# Sleep tight little girl & Norwegian Forest Cat people



## Crazy_cat_lady (1 October 2018)

Sadly lost our beloved family cat, Buttons on Friday, she had various health problems including kidney disease, a thyroid condition, diabetes and a suspected tumour on her leg yet despite all this she clearly wanted to live, lots of purring, prooking and demanding exactly what she wanted especially if she smelt roast meat or smoked salmon. Unfortunately her health issues caught up with her Wednesday evening,  she rallied to give me enough time to say goodbye to her as was coming back off holiday Friday anyway so got to give her lots of cuddles and kisses she did make it much harder as she was still chatting back at me in her usual way but unfortunately it was time as her dignity was starting to go and she was having constipation then accidents and she's always been such a clean cat. Her back legs were also getting progressively worse and she was never going to get better. Lots of tears for me and my mum she was also very well liked at the vets who did so much for her. 

Anyway the reason for my post is we both suspected she was at least part Norwegian Forest Cat due to the waterproof dual layer coat, she would sit outside in the rain (she was a house cat but went out under supervision) and her undercoat wouldnt get wet nor did she care if it was tipping it down. also some of her other traits such as the prooking (seems to be quite a Norwegian thing!)

We have a ragdoll who does seem to be missing her so tentatively looking into getting another cat, and due to her wonderful character would potentially be looking at another "Wegie." This wouldn't be to replace her of course! 

I know people on here have Wegies how did you source them? Do you have any breeders information? Also what are they like as people? Are they are loving as the websites seem to suggest? Just any general comments on them pros and cons etc?

She is also possibly looking at Maine Coons so anyone who has those any opinions would be useful also, the websites seem to suggest they are quite prone to heart disease though.

I've attached some pictures if it works of the gorgeous girl. Will have to do 2 posts as forum not helping saying the files are too large!!


----------



## Crazy_cat_lady (1 October 2018)

Ooh the picture worked never added photos on here before!!

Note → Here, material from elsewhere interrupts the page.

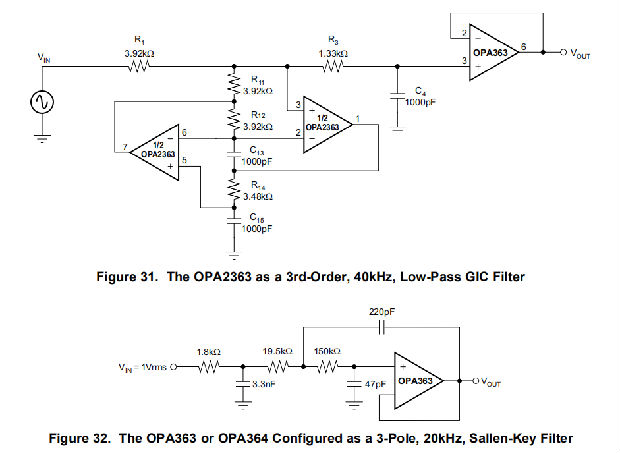 低谐波失真和噪声规范,加上高增益和转换率,使OPA363和OPA364成为有源滤波的最佳候选。图31显示了配置为低失真、三阶GIC(通用导抗转换器)滤波器的OPA2363。图32显示了Sallen-Key,三极,低通贝塞尔滤波器的实现。

Now the others aren't working let's try a screen shot... That worked...


----------



## Sandstone1 (1 October 2018)

Cant help with your question, but just wanted to say what a beautiful cat she was.  Im sorry for your loss.


----------



## pixie27 (1 October 2018)

So sorry for your loss, she was a beautiful cat and the pics are great - love the one of her at the dinner table. Can't help with breeders but a friends mum has two Norwegians and they're lovely cats. Very social and chatty.


----------



## Apercrumbie (1 October 2018)

Beautiful cat, I'm sorry I can't give you any help with finding your next friend.


----------



## Crazy_cat_lady (3 October 2018)

Thanks for all your replies,  she was a very special and beautiful cat x


----------



## BeckyFlowers (3 October 2018)

I'm so sorry to read this, she was absolutely beautiful and that pic of her staring intently at the roast dinner just made me LOL.  She has similar markings to my Daisy.  Hope you are doing ok.  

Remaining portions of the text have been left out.